## Extracted entries
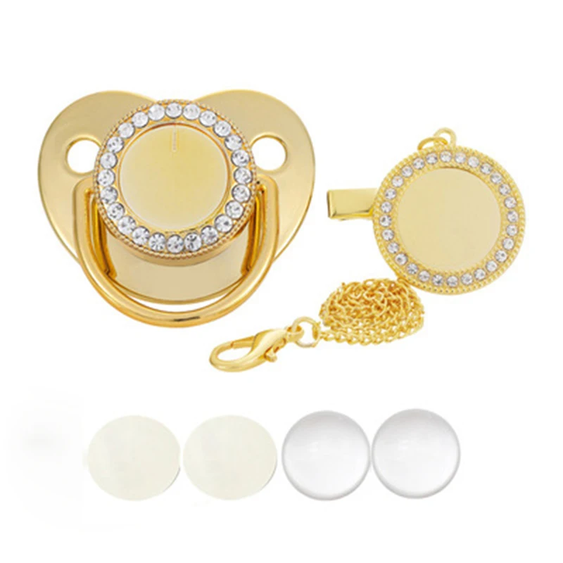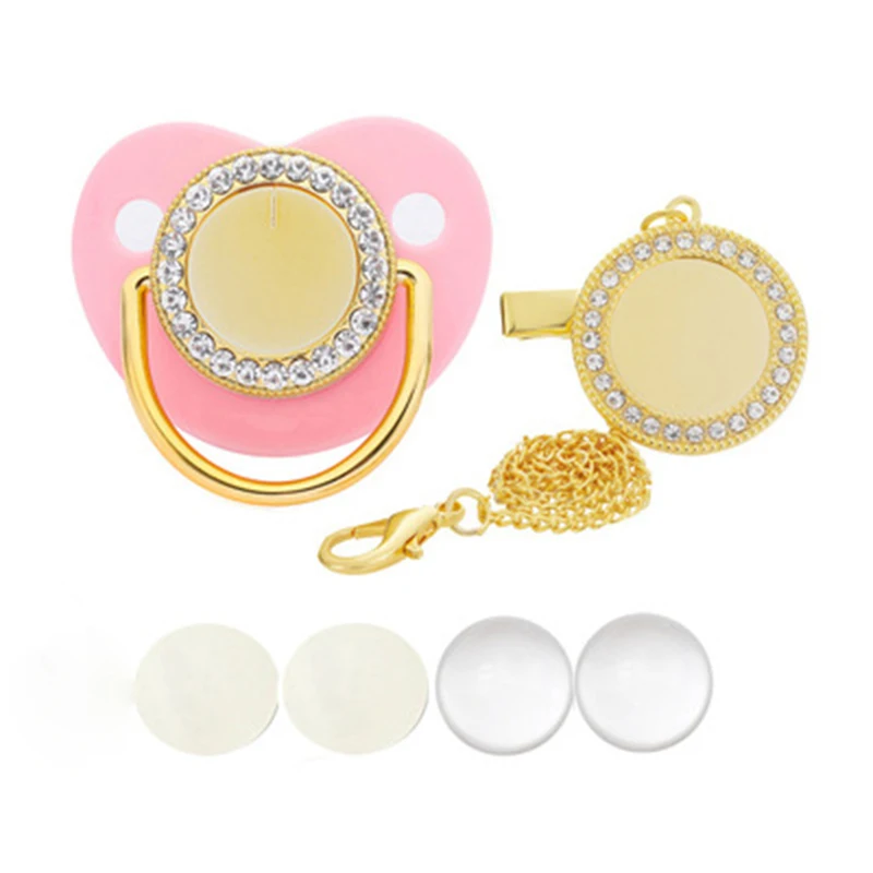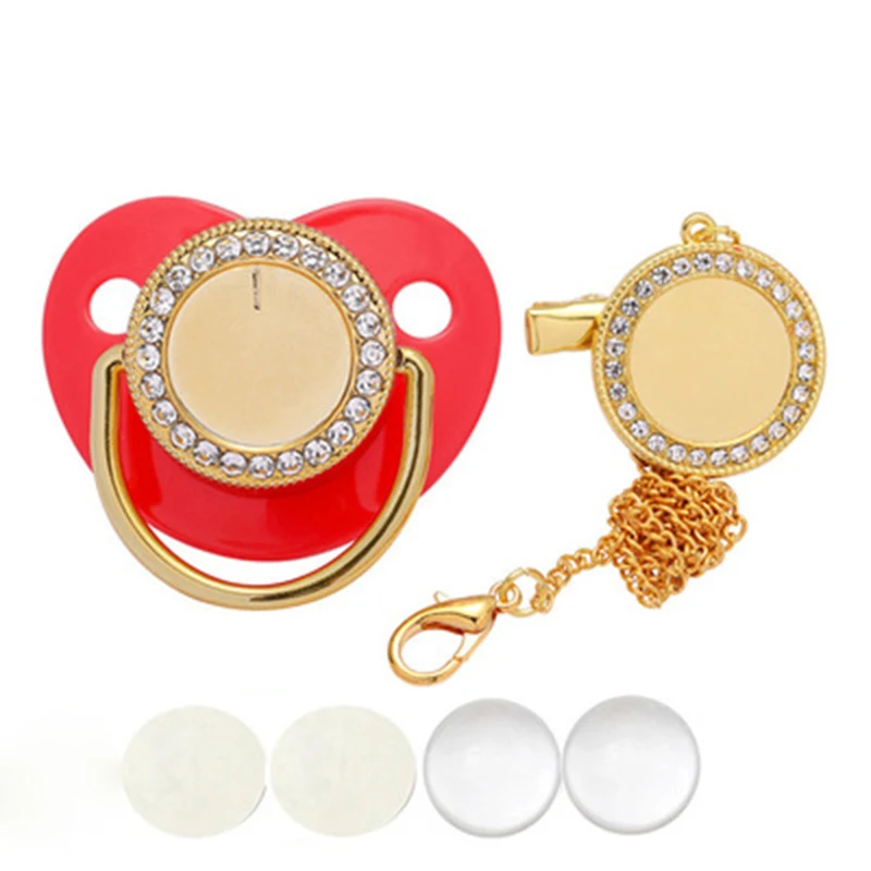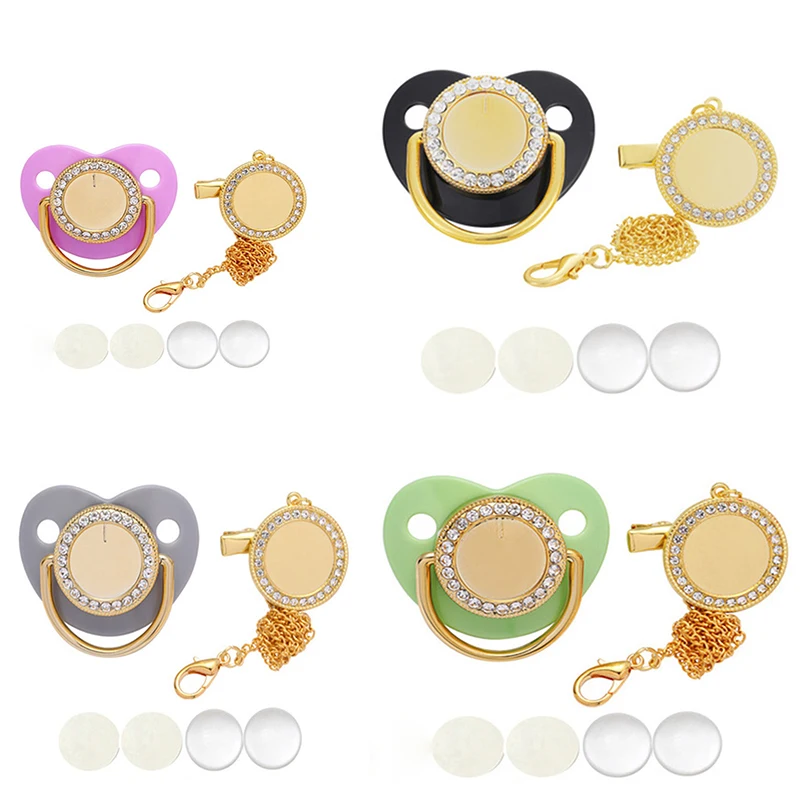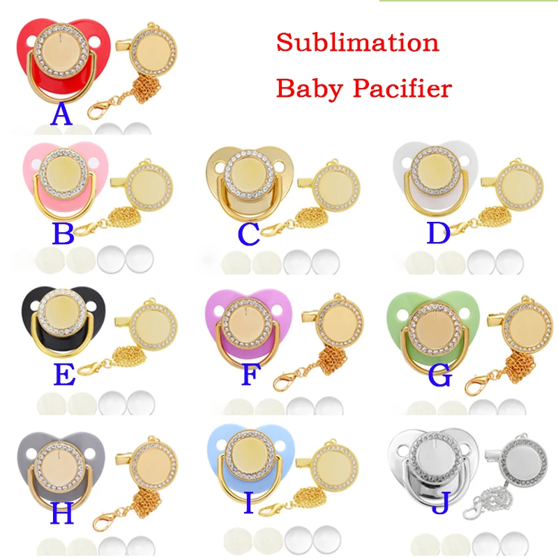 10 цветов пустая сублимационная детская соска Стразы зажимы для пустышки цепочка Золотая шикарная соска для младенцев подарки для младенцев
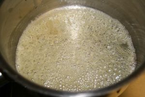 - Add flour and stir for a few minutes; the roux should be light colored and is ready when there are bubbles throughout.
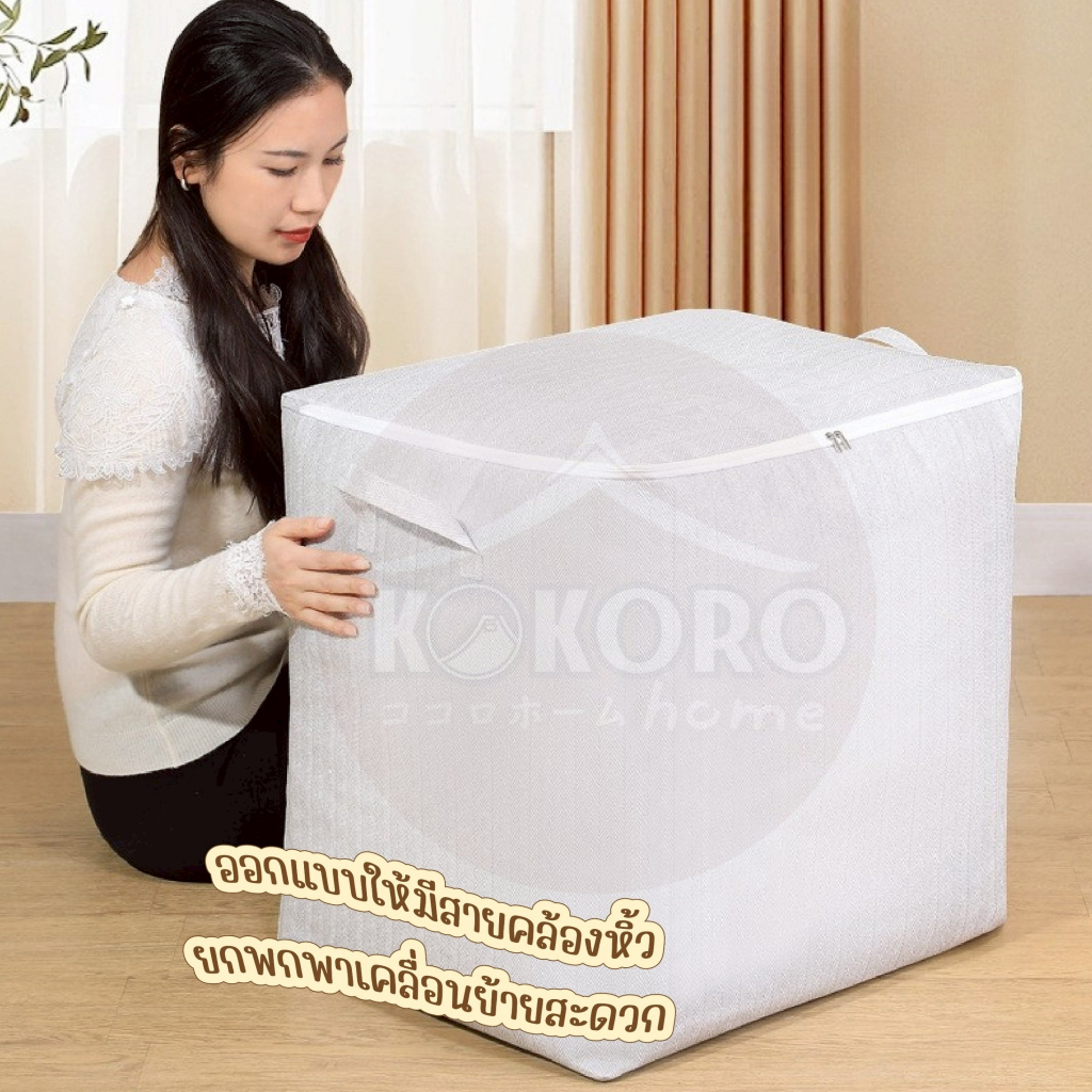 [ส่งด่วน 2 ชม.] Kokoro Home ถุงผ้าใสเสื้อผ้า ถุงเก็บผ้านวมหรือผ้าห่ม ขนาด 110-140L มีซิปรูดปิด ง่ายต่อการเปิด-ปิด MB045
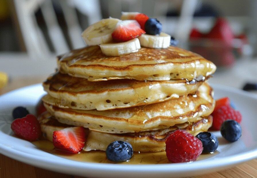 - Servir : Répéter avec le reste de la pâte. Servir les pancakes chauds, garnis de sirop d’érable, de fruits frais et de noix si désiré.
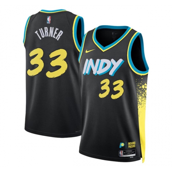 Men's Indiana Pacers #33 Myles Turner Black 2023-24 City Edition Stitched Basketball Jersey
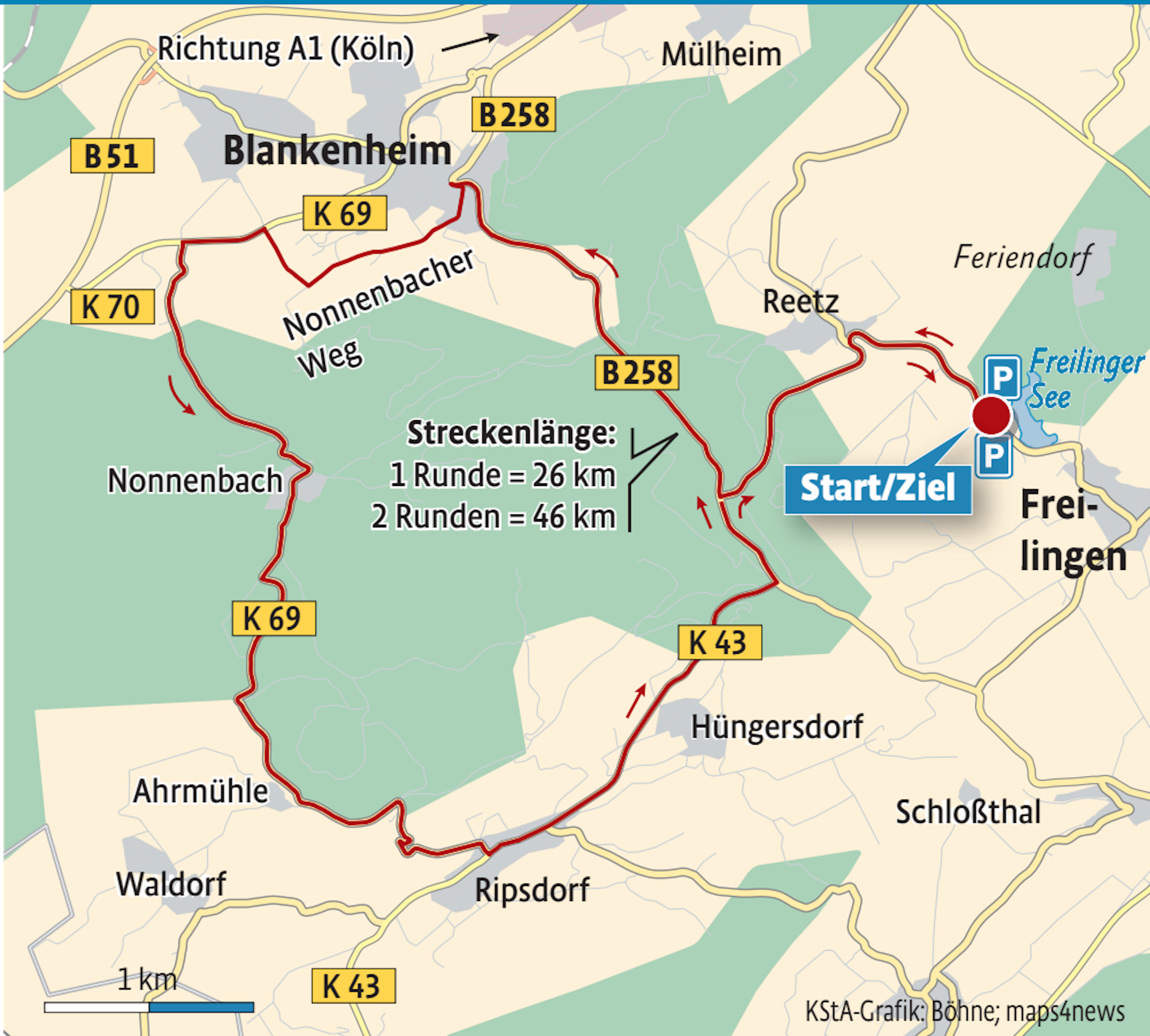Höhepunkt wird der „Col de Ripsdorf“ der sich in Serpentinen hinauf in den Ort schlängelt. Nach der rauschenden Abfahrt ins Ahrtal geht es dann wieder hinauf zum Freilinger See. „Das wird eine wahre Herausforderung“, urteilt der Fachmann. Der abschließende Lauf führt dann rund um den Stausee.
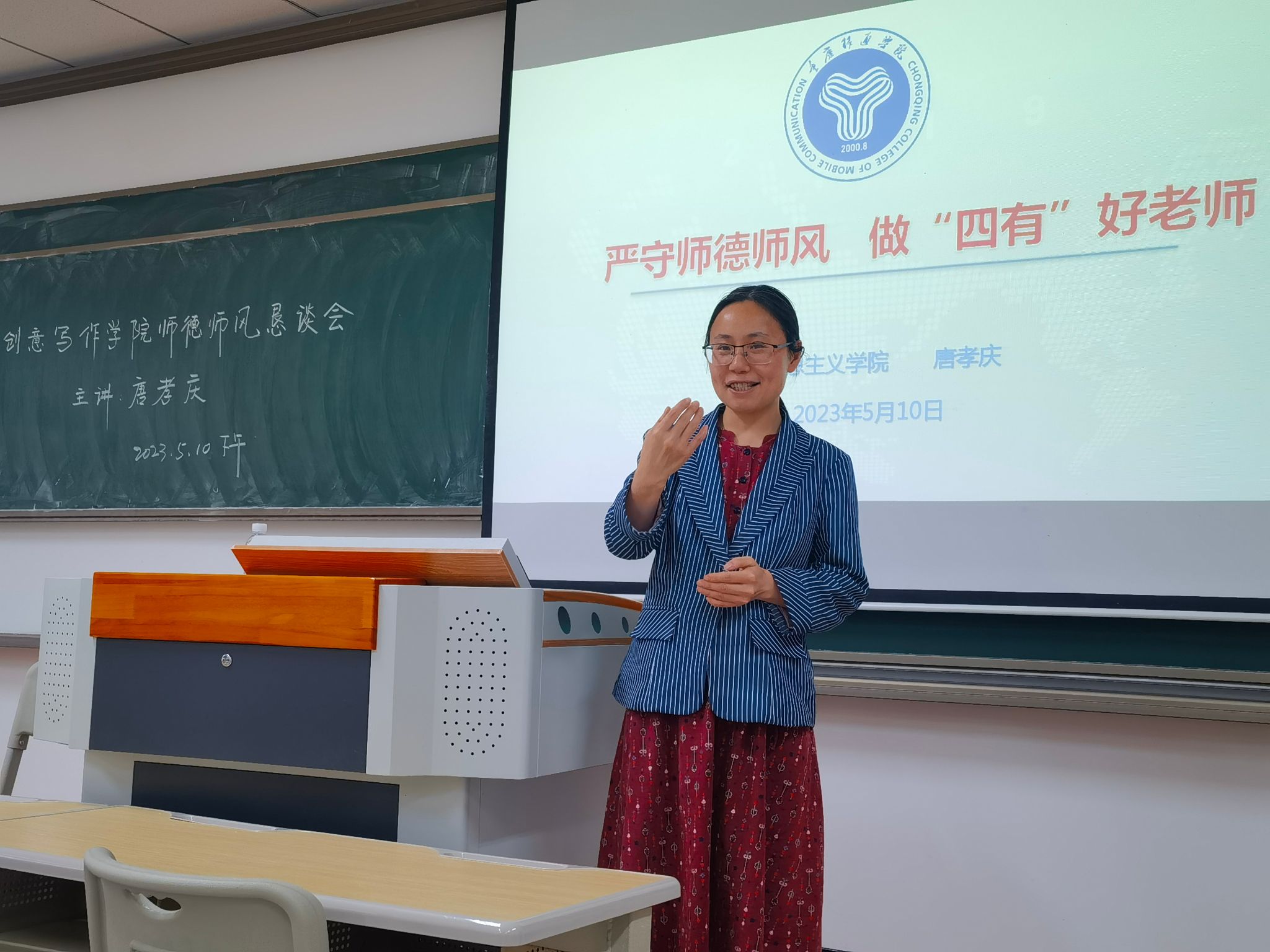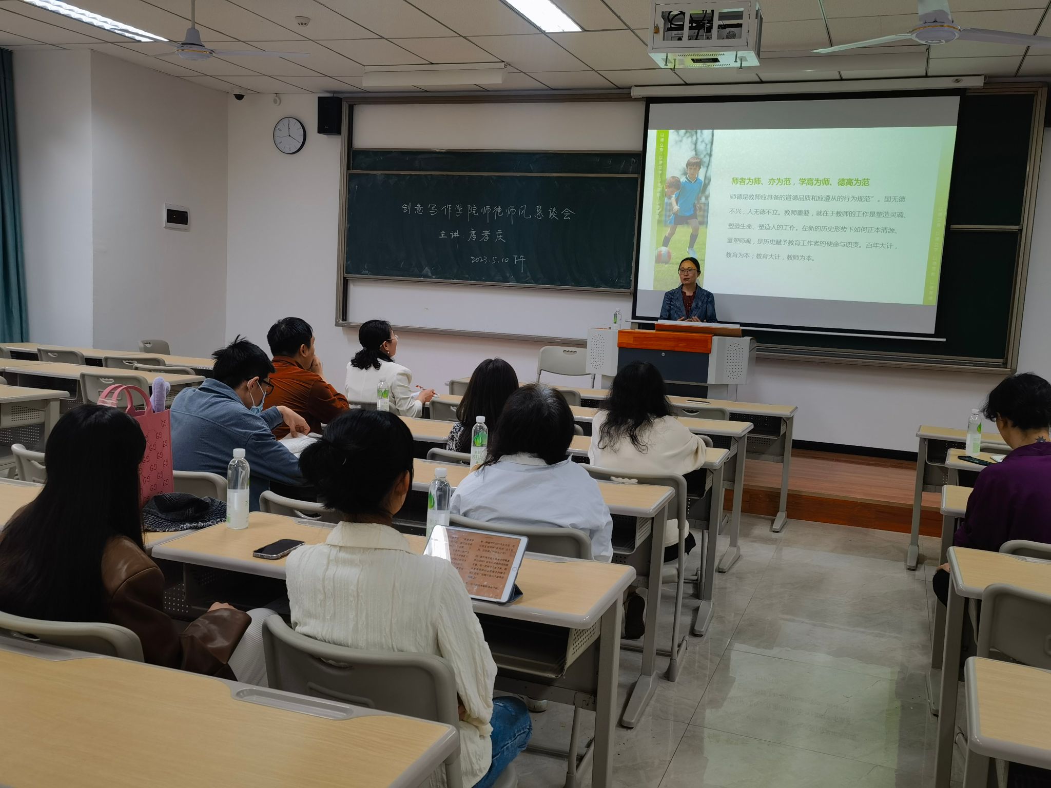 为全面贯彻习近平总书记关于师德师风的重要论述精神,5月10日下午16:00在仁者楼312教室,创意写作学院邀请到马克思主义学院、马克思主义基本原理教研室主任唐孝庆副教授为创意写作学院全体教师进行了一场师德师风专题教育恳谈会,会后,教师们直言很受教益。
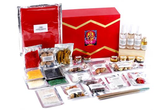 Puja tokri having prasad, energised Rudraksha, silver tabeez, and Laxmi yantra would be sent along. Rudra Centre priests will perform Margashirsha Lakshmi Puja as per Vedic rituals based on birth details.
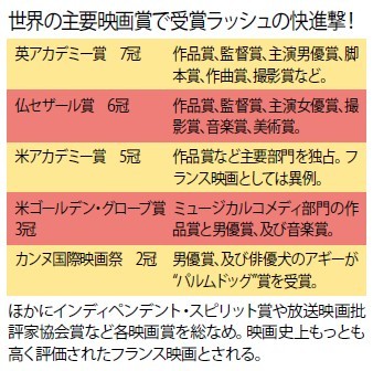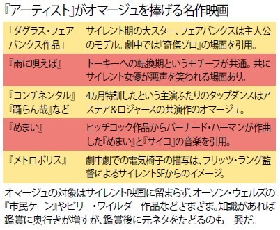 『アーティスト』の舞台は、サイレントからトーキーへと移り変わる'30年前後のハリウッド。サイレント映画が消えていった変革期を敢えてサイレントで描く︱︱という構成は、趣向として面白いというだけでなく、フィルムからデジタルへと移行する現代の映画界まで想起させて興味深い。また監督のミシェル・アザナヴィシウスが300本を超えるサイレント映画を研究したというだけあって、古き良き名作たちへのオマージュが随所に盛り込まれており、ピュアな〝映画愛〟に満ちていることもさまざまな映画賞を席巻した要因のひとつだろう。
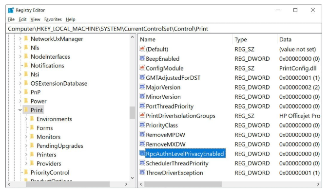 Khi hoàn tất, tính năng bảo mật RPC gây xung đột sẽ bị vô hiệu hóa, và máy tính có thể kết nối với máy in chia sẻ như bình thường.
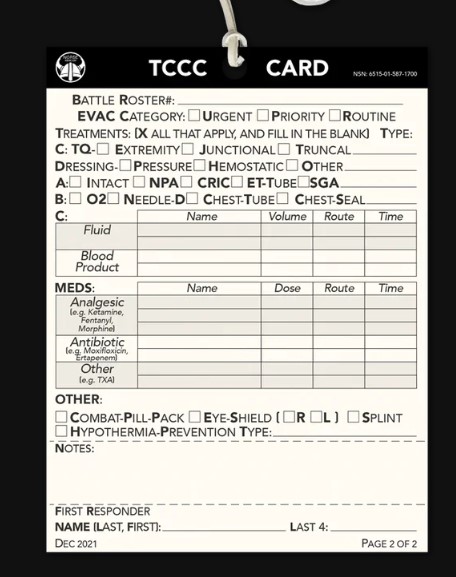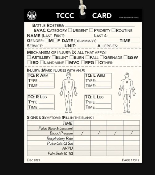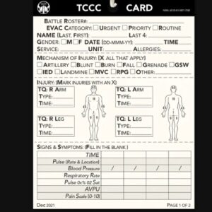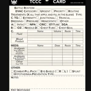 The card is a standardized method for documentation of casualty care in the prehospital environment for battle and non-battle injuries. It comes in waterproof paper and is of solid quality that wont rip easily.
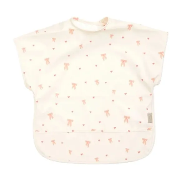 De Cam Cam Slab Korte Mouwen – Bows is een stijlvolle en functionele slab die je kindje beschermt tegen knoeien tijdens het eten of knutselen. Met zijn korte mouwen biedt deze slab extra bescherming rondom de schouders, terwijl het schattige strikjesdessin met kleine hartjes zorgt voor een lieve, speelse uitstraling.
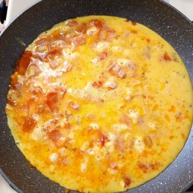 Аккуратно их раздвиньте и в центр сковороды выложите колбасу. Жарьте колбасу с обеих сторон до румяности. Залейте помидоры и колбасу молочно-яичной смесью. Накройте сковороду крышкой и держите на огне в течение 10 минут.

## Task directions
With the pictures removed from your copy, retype the lines above from the one that contains "Men's Indiana Pacers" through the one that contains "为全面贯彻习近平总书记关于师", exactly.

## Solved exercise
 Men's Indiana Pacers #33 Myles Turner Black 2023-24 City Edition Stitched Basketball Jersey
Höhepunkt wird der „Col de Ripsdorf“ der sich in Serpentinen hinauf in den Ort schlängelt. Nach der rauschenden Abfahrt ins Ahrtal geht es dann wieder hinauf zum Freilinger See. „Das wird eine wahre Herausforderung“, urteilt der Fachmann. Der abschließende Lauf führt dann rund um den Stausee.
 为全面贯彻习近平总书记关于师德师风的重要论述精神,5月10日下午16:00在仁者楼312教室,创意写作学院邀请到马克思主义学院、马克思主义基本原理教研室主任唐孝庆副教授为创意写作学院全体教师进行了一场师德师风专题教育恳谈会,会后,教师们直言很受教益。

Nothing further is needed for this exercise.